Infection and Neoplasias
Seventeen episodes of infection required treatment during the postoperative period (1.70±1.57 episodes per patient). Eight events had bacterial origin, 6 viral, and 3 fungal. The linearized infection rate was 0.05 episode per patient per month. None of the patients developed neoplasias.
Data presented through long-term follow-up show that heart transplants for treatment of heart failure due to CCHD lead to good results. A life expectancy of 65% in 10 years seems promising, considering the unfavorable natural history of decompensated CCHD; life expectancy of patients with clinical signs of heart failure is 47% for year 2, 19% after 5 years, and 9% after 10 years.4 Overall mortality was lower than that reported in another series12 but similar to a more recent one.13 No death was directly related to the disease itself. The favorable 10-year follow-up of the first chagasic patient who underwent HT, who is still in NYHA functional class I and has a normal LVEF, as well as of the remaining survivors should be emphasized. Even though the mean length of follow-up of the whole sample is only 34±38 months, it may be in some way substantial, considering the poor natural history of the severely symptomatic chagasic patients and the lack of reports about any other longer follow-ups on HT in CCHD. The incidence of coronary artery disease and other usual post-HT complications was not unusual.

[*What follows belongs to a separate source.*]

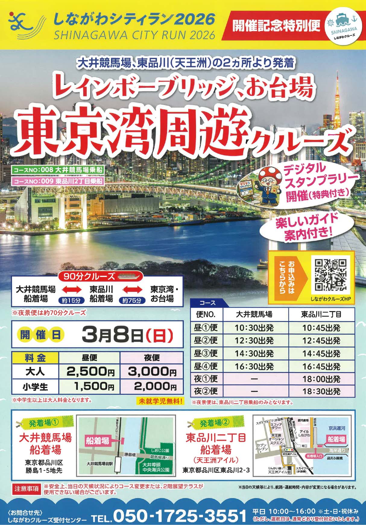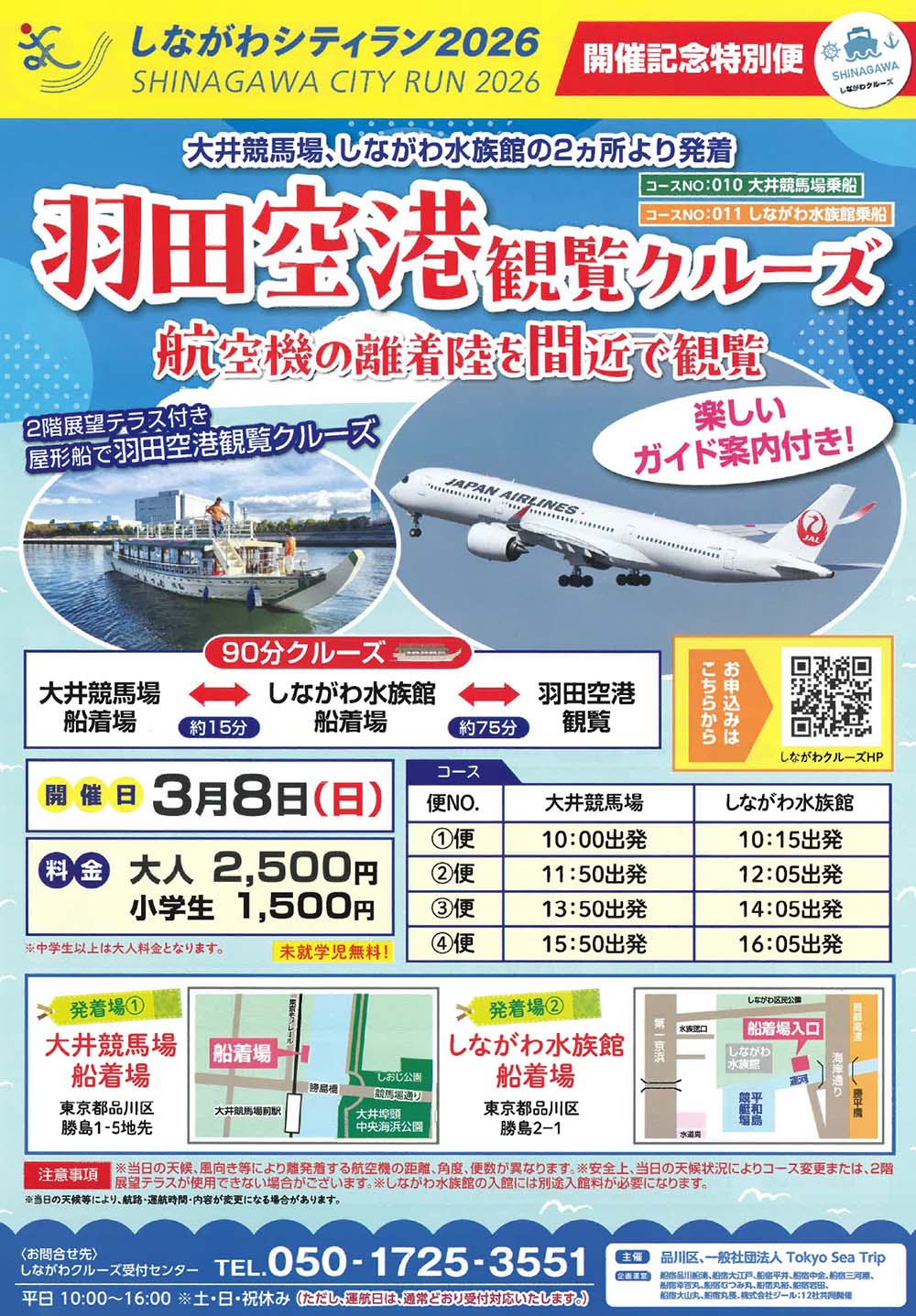 2026年3月の「しながわシティラン2026」開催に合わせ、レインボーブリッジやお台場を船から眺める「東京湾周遊クルーズ」と航空機の離発着を間近で観覧できる「羽田空港観覧クルーズ」を運航。

An important and unprecedented finding was the lower incidence and severity of AR, unlike the data reported in patients with a diagnosis of myocarditis.14 This unexpected finding supports the view that the pathogenesis of CCHD is somewhat unknown, despite the evidence of autoimmune mechanisms. Recent findings once again suggest the fundamental role of the parasite, not only during the acute but also in the chronic stage, leading to changes in immunodepression, hypersensitivity reactions, increased fibrinogenesis, microthrombi, microspasm, and microinfarctions.15 Thus, the eradication of the parasite through antiparasitic drugs must be emphasized.15 16 Conversely, studies on CCHD have demonstrated an immunological imbalance, with intense immunodepression, depletion of CD4+ cells and interleukin 2, and other alterations in cytokines.15 17 18 A hypothesis to be investigated is how much this immunodepression would contribute to the decreased incidence and severity of AR found in the chagasic patient. Further studies are necessary to validate this hypothesis.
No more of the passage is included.